Eu dormi sem demora, na esperança de que acordaria na manhã seguinte e viveria minha vida normal, ao lado de papai. Mas não foi assim. Quando me levantei na manhã seguinte e desci para tomar café da manhã com o novo padre, ouvi uma voz conhecida. Uma voz que me dava nojo. Era Roger De Lune, o patriarca da família de monstros. Ele felizmente, não tinha me irritado tanto quanto os outros, mas, ainda assim, eu sabia que não podia confiar nele e que ele, talvez, fosse o pior e o mandante de todos.

–...eu peço que tome cuidado, Padre Valério. -dizia ele docilmente.- O senhor é um novo padre, de alma boa, acolhedora. Mas tome cuidado com esse rapaz. Ele pode ser perigoso e perseguidor, vive acusando minha família de coisas que nem sabemos que existem, que não temos relação nenhuma.

–Eu tomarei cuidado, não se preocupe. -disse o padre e eu adentrei ao cômodo com o rosto sério.- Bom dia, Hugo!

–Bom dia, Padre Valério. -dei um aceno com a cabeça e Roger retribuiu com um tapinha na minha cintura.

–Bom, eu já vou. Tenham um bom dia e seja bem-vindo, padre. -e sorriu deixando a casa.

–Ele veio aqui só para falar mal de mim. -falei olhando para a porta fechada e o padre sorriu e me deu um pequeno abraço.- Hugo, que horas são? -ele perguntou e eu tirei o celular do bolso e junto com ele um objeto caiu no chão. Eu olhei curioso e o padre o pegou aparentemente chocado.- Mas esse anel... esse anel é de Dom Leoni!

–Como isso veio parar no meu bolso? -perguntei assustado.
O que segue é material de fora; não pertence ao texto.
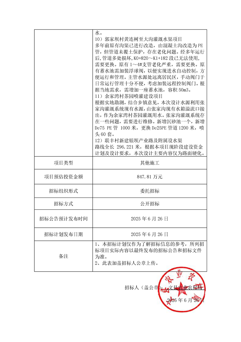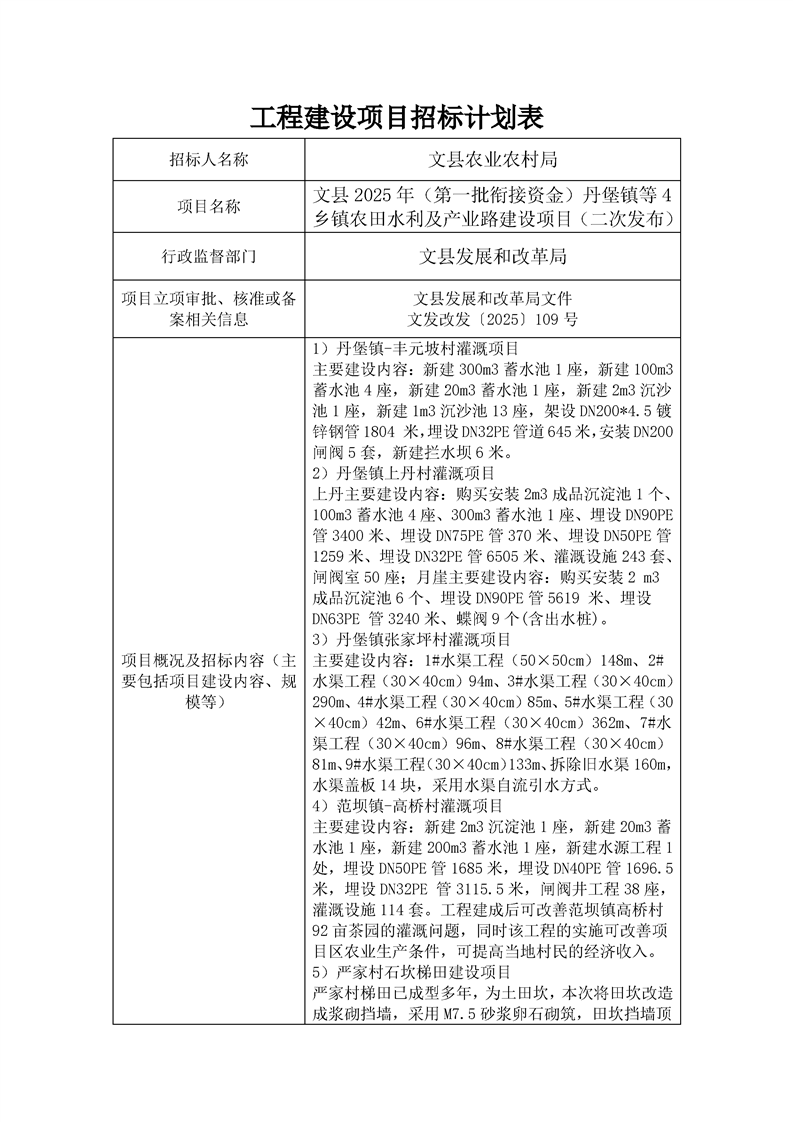 文縣2025年(第一批銜接資金)丹堡鎮(zhèn)等4鄉(xiāng)鎮(zhèn)農(nóng)田水利及產(chǎn)業(yè)路建設項目(二次發(fā)布)

–Sou eu quem pergunto, Sr. Caleb! -afrontou o padre.- Como você pôde fazer algo desse tipo? Furtar um objeto daquele que te fizera sempre o bem? E sem falar na traição a mim! Eu confiei em você! -o padre pegou o telefone e se aproveitou do meu momento estático e arrasado para me denunciar ao bispo e a mitra diocesana. Eu nada pude fazer, foi naquele momento que uma espécie de sentimento péssimo se apoderou de mim e em um berro em que lancei o celular na cara do padre, eu desmaiei em seguida.
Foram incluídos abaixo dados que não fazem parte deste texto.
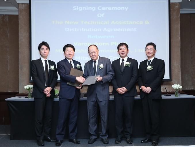 นายสันชัย ชัยเฉนียน (กลาง) ประธานกรรมการ และประธานเจ้าหน้าที่บริหาร บริษัทวโรปกรณ์ จำกัด (มหาชน) ผู้ผลิตอลูมิเนียมรีดเย็นชั้นนำของไทยร่วมลงนามการต่ออายุสัญญาการให้ความช่วยเหลือทางเทคนิค และการจัดจำหน่ายกับ มร.อาคิโอะ ฮามาจิ (ที่ 2 จากซ้าย) ประธานบริษัท บริษัท มิตซูบิชิ อลูมินัม จำกัด ซึ่งเป็นหนึ่งในกลุ่มผู้ผลิตอลูมิเนียมระดับไฮเอ็นด์ (high-end) ของโลก โดยมิตซูบิชิฯ จะถ่ายทอดเทคโนโลยีในการผลิตแผ่นอลูมิเนียมฟินสต็อกชนิดใหม่สำหรับการแลกเปลี่ยนความร้อนในรถยนต์ และสำหรับเครื่องปรับอากาศ รวมถึงผลิตภัณฑ์ใหม่อื่น ๆ โดยมี มร.ฮิโตชิ โฮริเอะ (ซ้าย) ผู้จัดการอาวุโส แผนกอลูมินั่ม บริษัท มิตซูบิชิ คอร์ปอเรชั่น อาร์ทีเอ็ม เจแปน จำกัด, มร.โยชินาโอะ โตโยดะ (ที่ 2 จากขวา) ประธานบริษัท เอ็มเอแอลซี-ไทย จำกัด และ มร.โทชิอากิ ซาซากิ (ขวา) ประธานเจ้าหน้าที่ปฏิบัติการ แผนกโลหะ บริษัท ไทย-เอ็มซี จำกัด เข้าร่วมเป็นสักขีพยาน ณ โรงแรมอินเตอร์คอนติเนนตัล กรุงเทพฯ เมื่อเร็ว ๆ นี้

Acordei numa espécie de cela, eu não sabia a quanto tempo eu estava ali. Mas parecia muito. Aquele sentimento de injúria e inquietação ainda tomava conta de mim, eu precisava sair dali. Aquelas perseguições e falsas acusações que eu tinha certeza que eram provocadas pelos De Lune já estavam passando dos limites! Algo estava muito errada naquele novo padre também, e eu precisava fazer alguma coisa. Dei murros na grade da cela e logo um carcereiro apareceu me levando para a sala de interrogação.

Eu descobri lá então que estava sendo acusado pro diversos crimes, crimes que eu cometi, tentando denunciar outros, o que me irritou mais ainda. Eram difamação, injúria, calúnia, furto e agressão. Juntos, esses crimes somavam quase dez anos de prisão. Eu nada disse durante o interrogatório, eu estava exausto demais para falar qualquer coisa, tudo o que eu falava naquela vida, era usado contra mim, então por que falar? As vezes a melhor resposta é o silêncio, e sem dúvida aquela tinha sido, mas eu ainda não sabia.

Fui levado para uma prisão de segurança média, onde ficavam criminosos considerados loucos. Era bem afastada de Vila Verão e foi lá que eu passei um momento em que muitos chamariam de “transição”. Transição entre um passado imperfeito e cheio de injustiça para dias de glórias, vitórias e muita justiça. E nesse intervalo, intervalo de dez anos, eu podia planejar cada detalhe do meu plano para o meu retorno triunfal para fazer justiça aqueles que me fizeram sofrer.